- _What you have to do_: Nothing should appear in the answer except the lines below from the line containing "Cutie Rupta -Lampa" through the line containing "Save 2020 - 2022", copied exactly, with pictures left out.

- _Material for the task_:
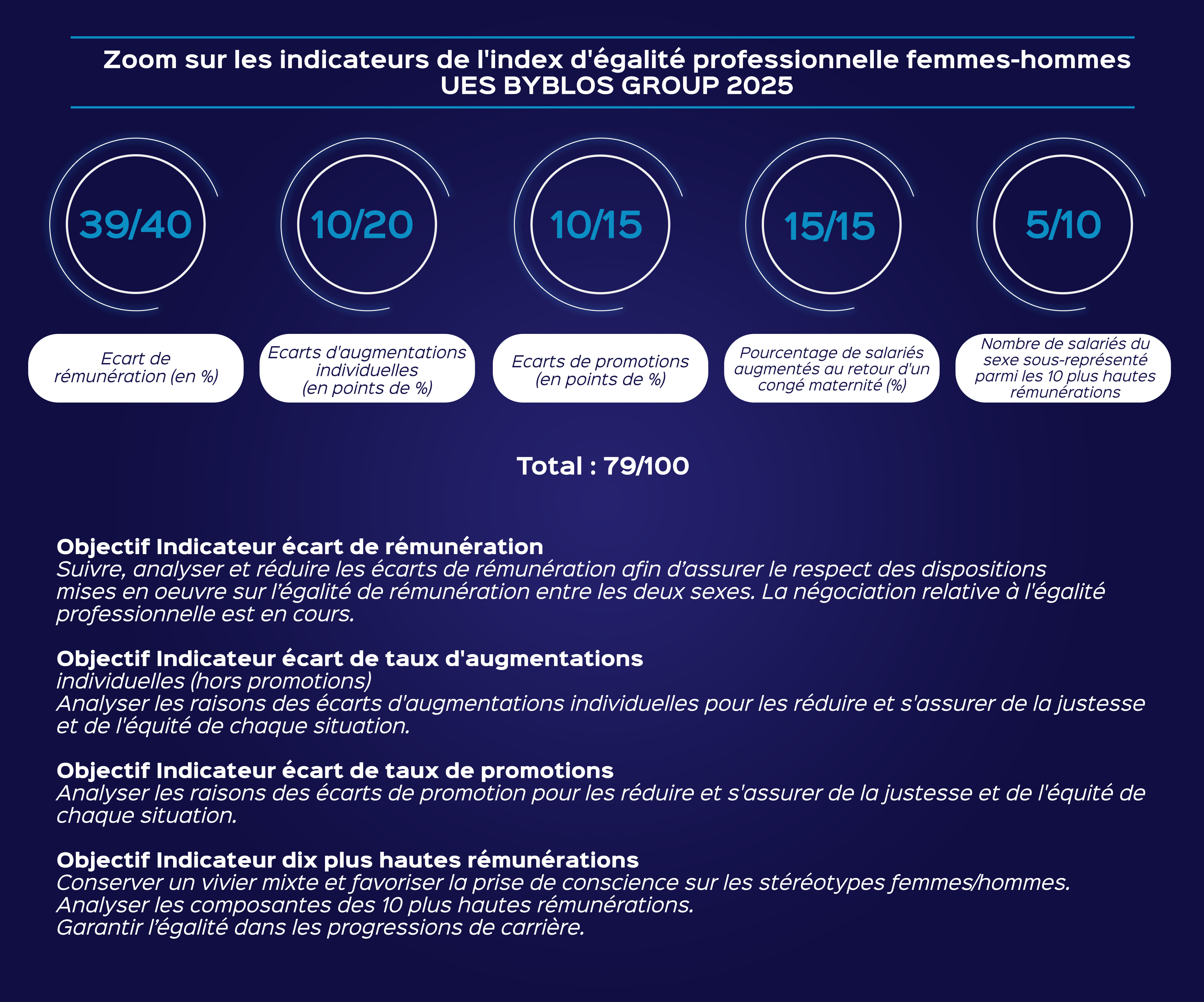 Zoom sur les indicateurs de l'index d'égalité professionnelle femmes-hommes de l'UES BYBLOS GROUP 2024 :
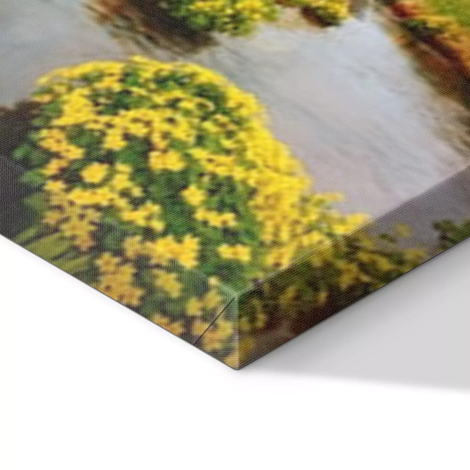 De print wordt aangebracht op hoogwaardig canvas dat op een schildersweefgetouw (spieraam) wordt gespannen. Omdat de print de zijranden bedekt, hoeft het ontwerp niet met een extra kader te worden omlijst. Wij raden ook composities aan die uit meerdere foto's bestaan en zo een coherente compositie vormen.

--

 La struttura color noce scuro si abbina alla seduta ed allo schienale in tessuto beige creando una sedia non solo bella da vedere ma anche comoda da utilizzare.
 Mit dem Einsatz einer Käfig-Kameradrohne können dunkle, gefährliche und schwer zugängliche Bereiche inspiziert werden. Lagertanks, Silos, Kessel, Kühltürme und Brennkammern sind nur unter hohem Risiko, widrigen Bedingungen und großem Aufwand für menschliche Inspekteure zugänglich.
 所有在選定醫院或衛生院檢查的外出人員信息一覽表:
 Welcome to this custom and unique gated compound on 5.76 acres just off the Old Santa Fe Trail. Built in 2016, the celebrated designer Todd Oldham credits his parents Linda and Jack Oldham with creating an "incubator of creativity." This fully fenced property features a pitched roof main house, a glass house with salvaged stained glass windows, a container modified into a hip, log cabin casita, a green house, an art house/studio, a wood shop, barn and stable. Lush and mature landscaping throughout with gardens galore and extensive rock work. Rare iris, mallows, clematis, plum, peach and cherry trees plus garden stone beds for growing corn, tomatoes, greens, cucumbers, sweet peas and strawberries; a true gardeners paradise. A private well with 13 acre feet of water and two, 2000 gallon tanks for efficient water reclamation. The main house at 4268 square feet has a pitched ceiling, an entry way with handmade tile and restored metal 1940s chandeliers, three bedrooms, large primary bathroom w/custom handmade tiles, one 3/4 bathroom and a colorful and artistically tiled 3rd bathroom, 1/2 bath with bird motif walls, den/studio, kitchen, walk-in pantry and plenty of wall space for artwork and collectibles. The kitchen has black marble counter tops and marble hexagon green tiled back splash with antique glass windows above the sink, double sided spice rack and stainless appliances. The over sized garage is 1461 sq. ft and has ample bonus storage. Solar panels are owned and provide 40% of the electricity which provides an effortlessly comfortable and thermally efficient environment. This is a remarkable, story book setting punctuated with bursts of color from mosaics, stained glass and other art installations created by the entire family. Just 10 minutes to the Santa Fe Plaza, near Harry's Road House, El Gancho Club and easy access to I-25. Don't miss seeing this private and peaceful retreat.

==

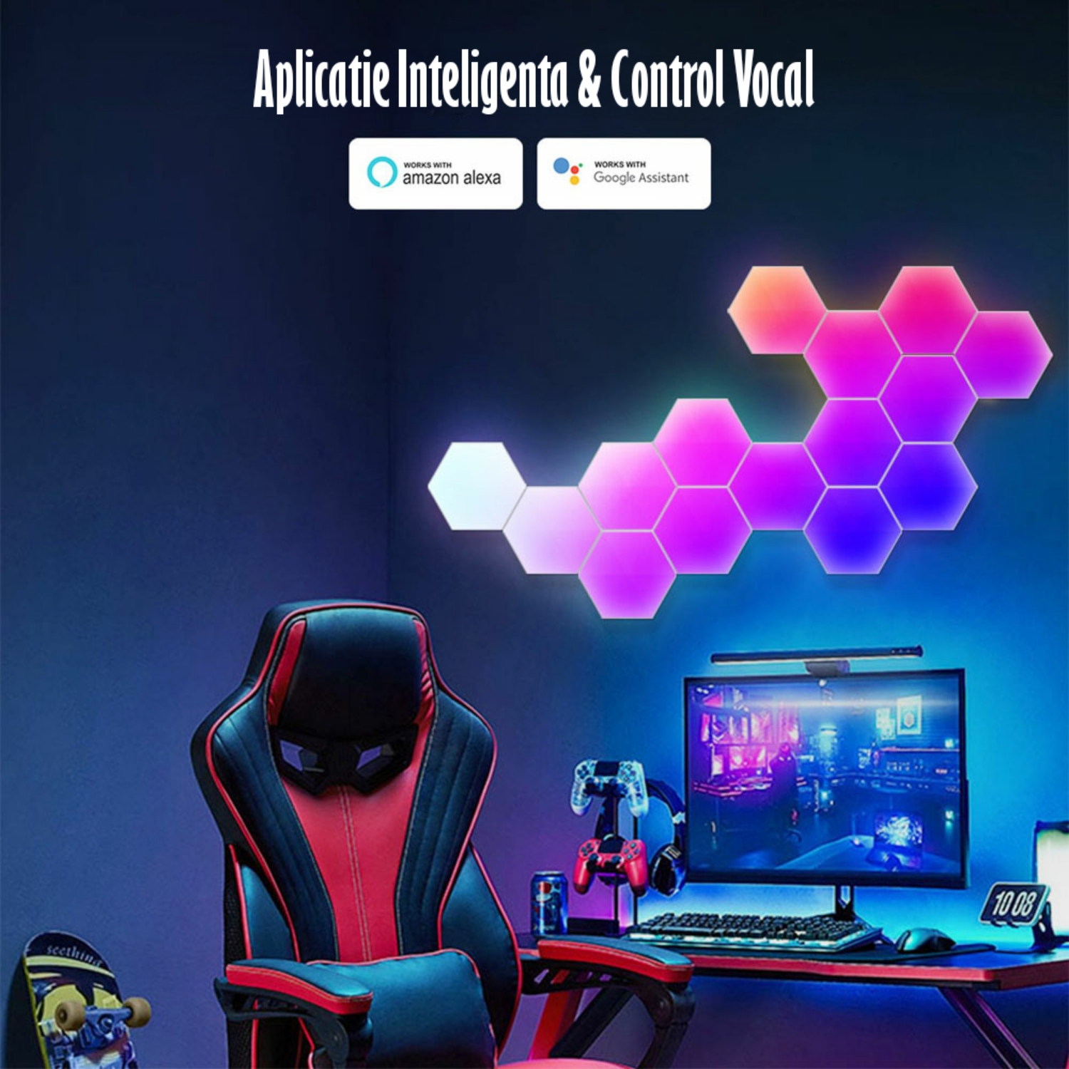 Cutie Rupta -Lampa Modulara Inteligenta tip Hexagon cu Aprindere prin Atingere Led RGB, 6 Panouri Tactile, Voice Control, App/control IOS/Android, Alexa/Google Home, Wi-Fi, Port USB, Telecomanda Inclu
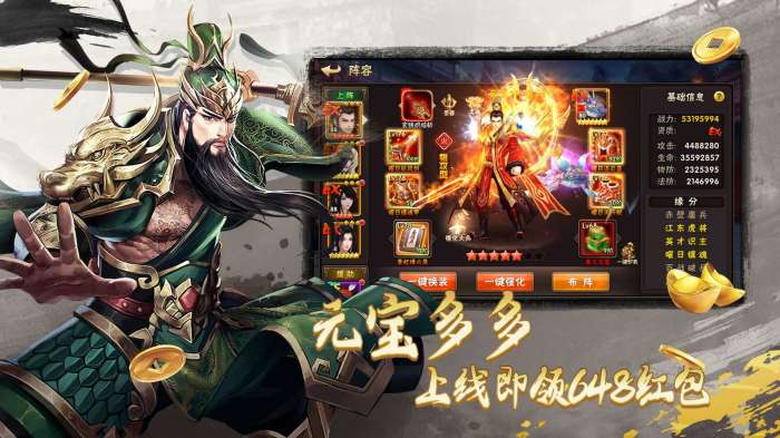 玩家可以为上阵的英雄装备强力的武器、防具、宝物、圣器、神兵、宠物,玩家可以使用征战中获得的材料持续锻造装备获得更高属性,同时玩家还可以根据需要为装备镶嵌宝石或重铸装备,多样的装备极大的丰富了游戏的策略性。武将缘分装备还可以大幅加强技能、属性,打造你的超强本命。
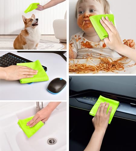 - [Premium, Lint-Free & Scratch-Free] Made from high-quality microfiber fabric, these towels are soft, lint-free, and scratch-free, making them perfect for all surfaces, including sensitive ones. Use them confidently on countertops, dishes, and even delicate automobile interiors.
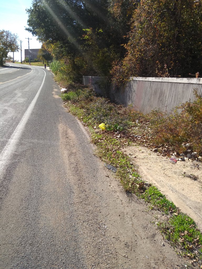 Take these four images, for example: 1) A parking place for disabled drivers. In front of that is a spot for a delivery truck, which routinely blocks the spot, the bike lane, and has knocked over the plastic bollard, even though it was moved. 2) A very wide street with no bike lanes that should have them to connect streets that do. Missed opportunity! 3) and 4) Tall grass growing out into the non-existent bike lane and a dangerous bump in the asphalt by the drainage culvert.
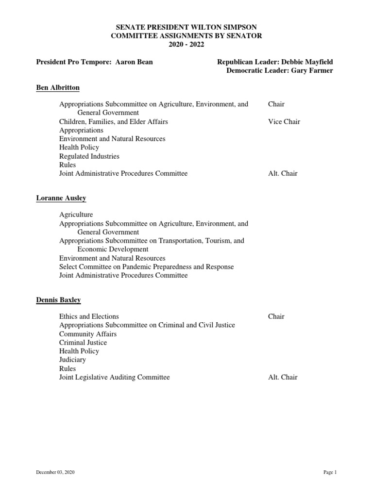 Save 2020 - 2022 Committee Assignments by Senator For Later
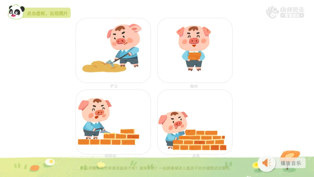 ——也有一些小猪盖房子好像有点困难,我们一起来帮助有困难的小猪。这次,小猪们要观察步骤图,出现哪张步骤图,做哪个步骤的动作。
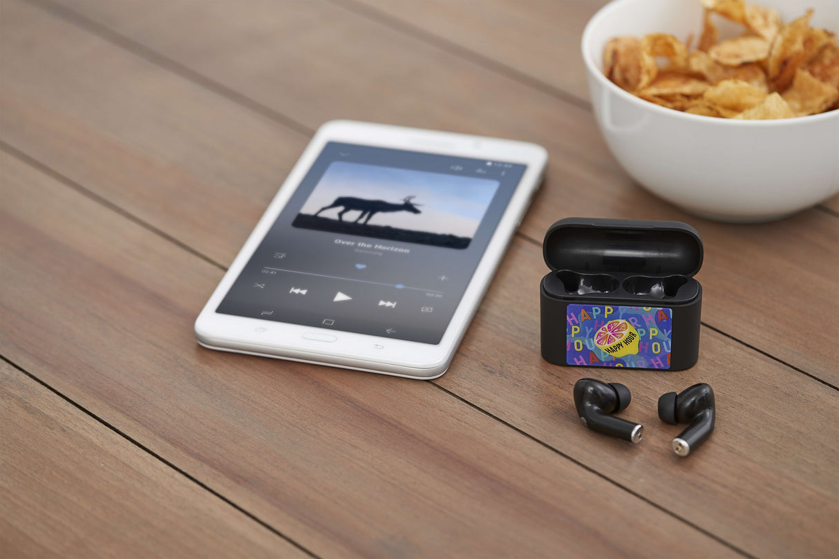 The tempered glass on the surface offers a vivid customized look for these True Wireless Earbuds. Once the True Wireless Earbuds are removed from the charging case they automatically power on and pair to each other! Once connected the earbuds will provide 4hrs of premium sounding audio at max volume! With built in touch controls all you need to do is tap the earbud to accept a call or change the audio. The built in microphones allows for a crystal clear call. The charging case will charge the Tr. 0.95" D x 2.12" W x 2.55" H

- _Solution below_:
 Cutie Rupta -Lampa Modulara Inteligenta tip Hexagon cu Aprindere prin Atingere Led RGB, 6 Panouri Tactile, Voice Control, App/control IOS/Android, Alexa/Google Home, Wi-Fi, Port USB, Telecomanda Inclu
 玩家可以为上阵的英雄装备强力的武器、防具、宝物、圣器、神兵、宠物,玩家可以使用征战中获得的材料持续锻造装备获得更高属性,同时玩家还可以根据需要为装备镶嵌宝石或重铸装备,多样的装备极大的丰富了游戏的策略性。武将缘分装备还可以大幅加强技能、属性,打造你的超强本命。
 - [Premium, Lint-Free & Scratch-Free] Made from high-quality microfiber fabric, these towels are soft, lint-free, and scratch-free, making them perfect for all surfaces, including sensitive ones. Use them confidently on countertops, dishes, and even delicate automobile interiors.
 Take these four images, for example: 1) A parking place for disabled drivers. In front of that is a spot for a delivery truck, which routinely blocks the spot, the bike lane, and has knocked over the plastic bollard, even though it was moved. 2) A very wide street with no bike lanes that should have them to connect streets that do. Missed opportunity! 3) and 4) Tall grass growing out into the non-existent bike lane and a dangerous bump in the asphalt by the drainage culvert.
 Save 2020 - 2022 Committee Assignments by Senator For Later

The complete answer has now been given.